The holiday got its start in 1872 when J. Sterling Morton of Nebraska City, Nebraska (just 40 miles south of Omaha) organized the planting of one million trees in the state of Nebraska on April 10. Morton had been a newspaper editor, acting governor of the state, and after he founded Arbor Day was the 3rd US Secretary of Agriculture, having been appointed by President Grover Cleveland.
He built a mansion in Nebraska City that was later remodeled by his son Joy Morton (who had lots of money since he founded a little company called Morton Salt – maybe that’s where the anecdotal info of using salt to kill tree stumps/weeds started!). These days the mansion is part of the Arbor Lodge State Historical Park. The Arbor Day Farm is also part of the park, where locals and tourists alike stop for apple orchards, a tree playground, and wine tasting.
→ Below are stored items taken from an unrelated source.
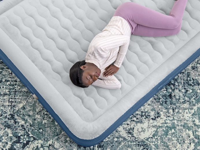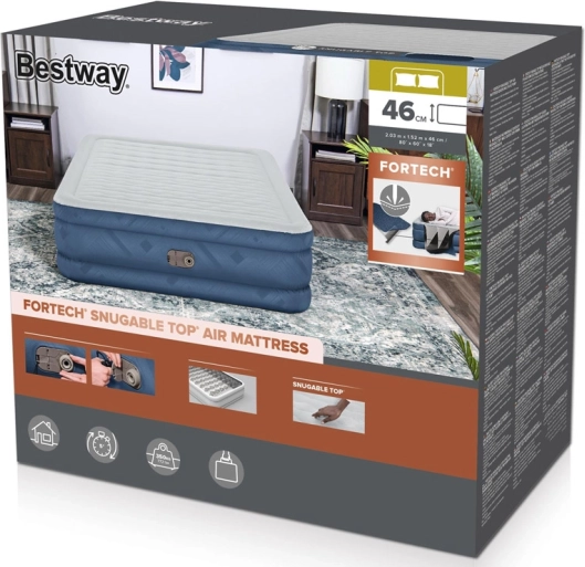 Das aufblasbare BESTWAY-Bett besteht aus dem robusten Material Tough Guard Fortech, das die Flexibilität von PVC mit der Festigkeit von Gewebe kombiniert. Die weiche beflockte Oberfläche ist angenehm, rutschfest und erhöht den Schlafkomfort. Die stabile Wave Beam Konstruktion verteilt das Gewicht gleichmäßig und verhindert das Einsinken.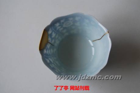 [金缮]: 日语中称为“Kintsukuroi ”,将瓷器碎片由天然大漆黏合,表面再敷以金粉或者金箔,装饰性较强。金缮本质上是漆艺的范畴。金缮修复有很广的适用范围,用作于瓷器和紫砂器居多,除此以外也可以用作于竹器,象牙,小件木器,玉器等。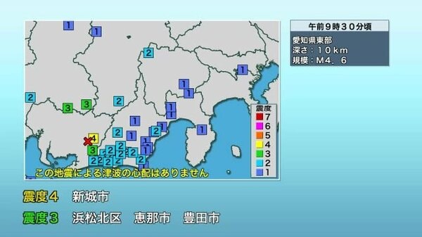 静岡県ニュース > 【地震】愛知で震度4 浜松市震度3・静岡市震度2 静岡県内広範囲で揺れ -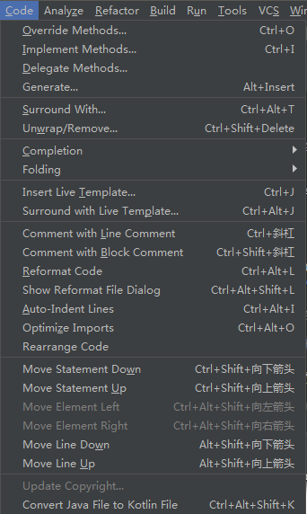 这都是些和编码相关的,重写方法,实现方法,环绕(try…catch,if…else,…),上面显示的快捷键基本都需要记住,因为是比较常用的。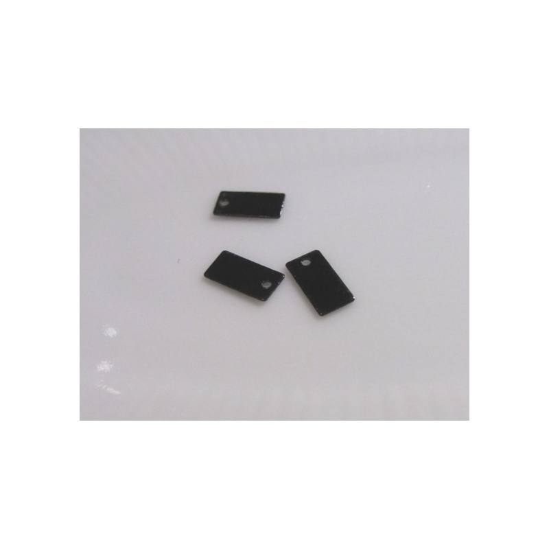 Stempelplade af sterling sølv. Str. ca. 8 x 4 mm. Tykkelse ca. 0,3. Hul str. ca. 0,5 mm. Prisen er for 1 stk.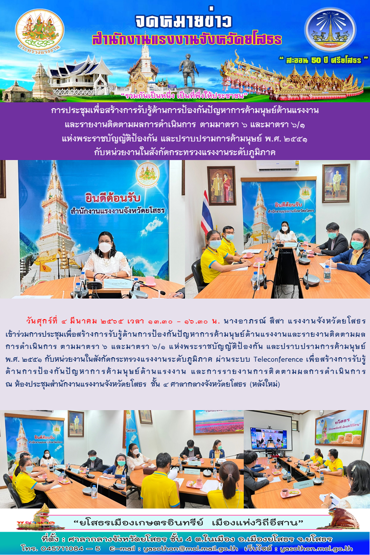 สำนักงานแรงงานจังหวัดยโสธร เข้าร่มประชุมเพื่อสร้างการรับรู้ด้านการป้องกันปัญหาการค้ามนุษย์ด้านแรงงาน และรายงานติดตามผลการดำเนินการ ตามมาตรา 6 และมาตรา 6/1 แห่งพระราชบัญญัติป้องกันและปราบปรามการค้ามนุษย์ พ.ศ.2551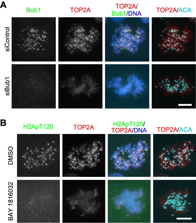 图2:敲减Bub1的表达(A)或利用小分子化合物抑制Bub1的激酶活性(B)去除TOP2A在有丝分裂前中期染色体着丝粒区的富集。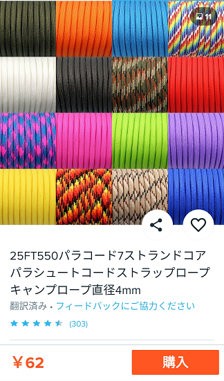 今回はパラコードを購入しましたが、Wishには色々な種類のアイテムが販売されています。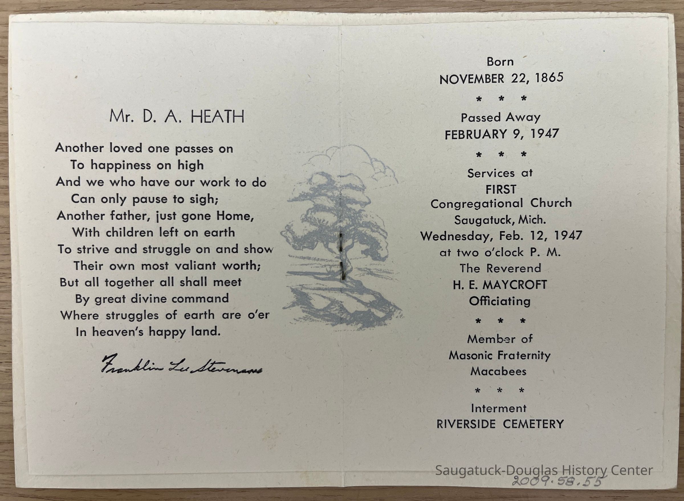 Funeral Remembrance of D.A. "Doc" Heath - husband of May Heath. Feb. 12, 1947Collection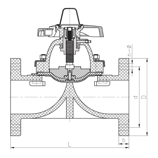Desenho detalhado do conjunto da válvula de diafragma

But if you haven’t planned a trip to Nebraska City for Arbor Day and you want to celebrate it at home by planting your own tree….well, there are some definite right and wrong ways to do things. So I thought we’d invite people to share their tree horror stories.
What have you seen that just makes you go huh? Do you have stories or pictures that are worthy of the carnage over at Crimes Against Horticulture?
Like the always frightening Mount Treesuvius? (down with Tree Volcanoes!)
Or how about the girdling root stanglehold of slow death?
Have you seen poorly planted, improperly pruned, damaged, or scary trees? Share your stories, pictures, and laments with us.
Here in Tallahassee it’s crape murder: cutting poor crape myrtles down to stumps in the winter.
Although your treevesuvious is a monstrosity I think planting on a shallow mound of actual soil can on certain wet sites help get a young tree going- even though the vast majority of the eventual roots will be in the wet ground!